Le réveil politique dont nous avons éminemment besoin ne se satisfera donc pas de plaisirs esthétiques « purs », ni d’un retour aux fastes architecturaux d’antan. Dans un monde qui est non seulement « complexe », pluriel, mais surtout conflictuel, partagé entre des intérêts matériels contradictoires, le Beau – et le Bien, et le Vrai, avec majuscules révélatrices – sont des chimères, ou des narcotiques. Cela ne signifie pas qu’aucune vérité commune n’existe, que nous serions condamnés au relativisme moral et esthétique. Mais l’universel ne se détermine pas par un jugement dogmatique a priori, fondé sur les normes éternelles du Beau logées dans certaines formes privilégiées d’un passé idéalisé : quoiqu’on en dise, ces normes sont simplement celles du goût (petit-) bourgeois, dont le mépris social sous-jacent a bien été souligné en son temps par Pierre Bourdieu |9|.

Nul doute que les illusions charriées par le discours de la TRA soient plaisantes, et qu’il est agréable de s’absorber dans la contemplation des méandres d’un ornement de façade. Mais quand toute la maison brûle, comme c’est actuellement le cas, il est plus sage de tenter d’éteindre l’incendie que de la laisser gagner par les flammes, absorbés que nous serions par ces contre-feux nostalgiques.

Cette analyse a été initialement publiée dans la revue Dérivations et est téléchargeable via l’encadré ci-dessus.

|1| Voir la carte blanche initiale sur « l’enlaidissement du monde » (La Libre, 25/01/21), puis contre les projets du Conservatoire de Bruxelles (La Libre, 03/06/21), du square Léopold de Namur (La Libre, 16/06/21) ou de l’extension du Musée des Beaux-Arts de Tournai (La Libre, 02/08/21).

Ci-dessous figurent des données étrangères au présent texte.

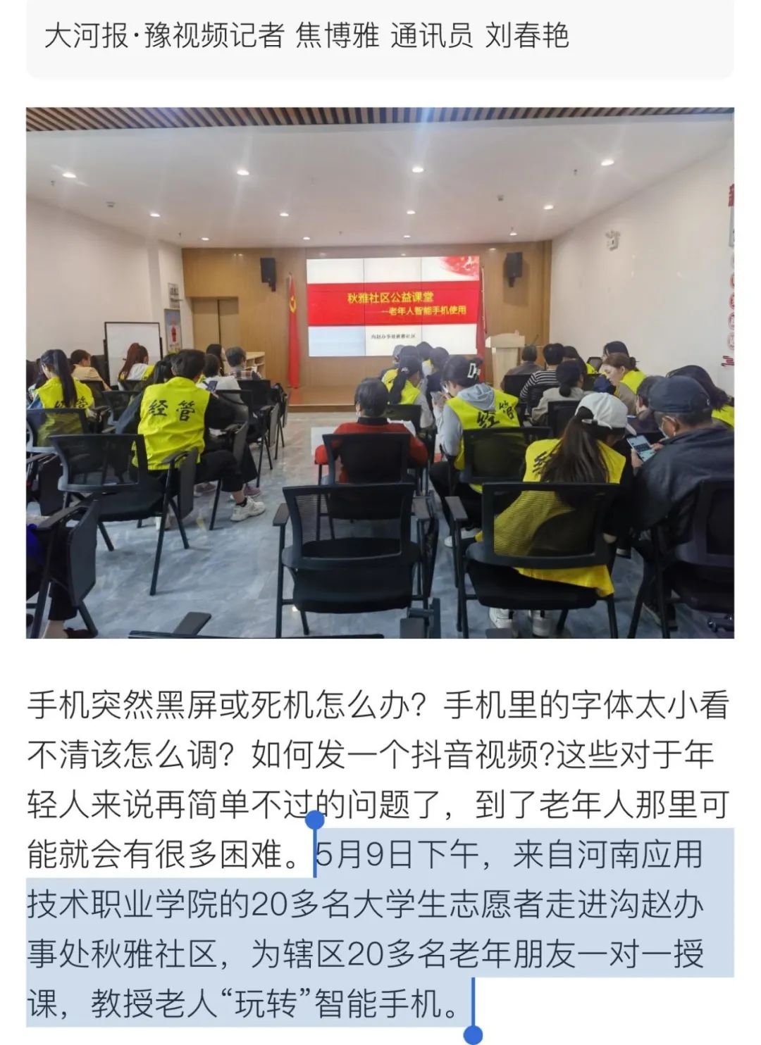 为深入学习贯彻习近平新时代中国特色社会主义思想,帮助老年人跨越数字鸿沟,培养青年学生社会责任感、使命感,5月9日下午,crown皇冠体育平台团总支带队青年志愿者前往“区校党建同创共建单位”高新区沟赵办事处秋雅社区党支部开展“老有所乐,智慧先行”主题实践活动。

|2| Lire Terlinden, B., « Bruxelles, cas clinique. “Critique architecturale” et “débat public” : le défi d’un apprentissage culturel collectif », in Dérivations, 7/2021.

|3| Charles, J., The Language of Post-Modern Architecture, London : Academy Editions, 1978.

|4| Pessis, C., Topçu, S., Bonneuil, C., Une autre histoire des « Trente Glorieuses ». Modernisation, contestations et pollutions dans la France d’après-guerre, Paris : La Découverte, 2016.

|5| Voir la typologie proposée dans Löwy, M., Sayre, R., Révolte et mélancolie. Le romantisme à contre-courant de la modernité, Paris : Payot, 1992.

|6| Même si cette notion, dans son caractère normatif, mérite d’être déconstruite : voir Kunysz, P., « Déconstruire le non-lieu », in Dérivations, 4/2017.

|7| Lefebvre, H., La Production de l’espace, Paris : Anthropos, 1974.

|8| Brenner, N., New State Spaces : Urban Governance and the Rescaling of Statehood, Oxford : Oxford University Press, 2004.

|9| Bourdieu, P., La Distinction. Critique sociale du jugement, Paris : Minuit, 1979.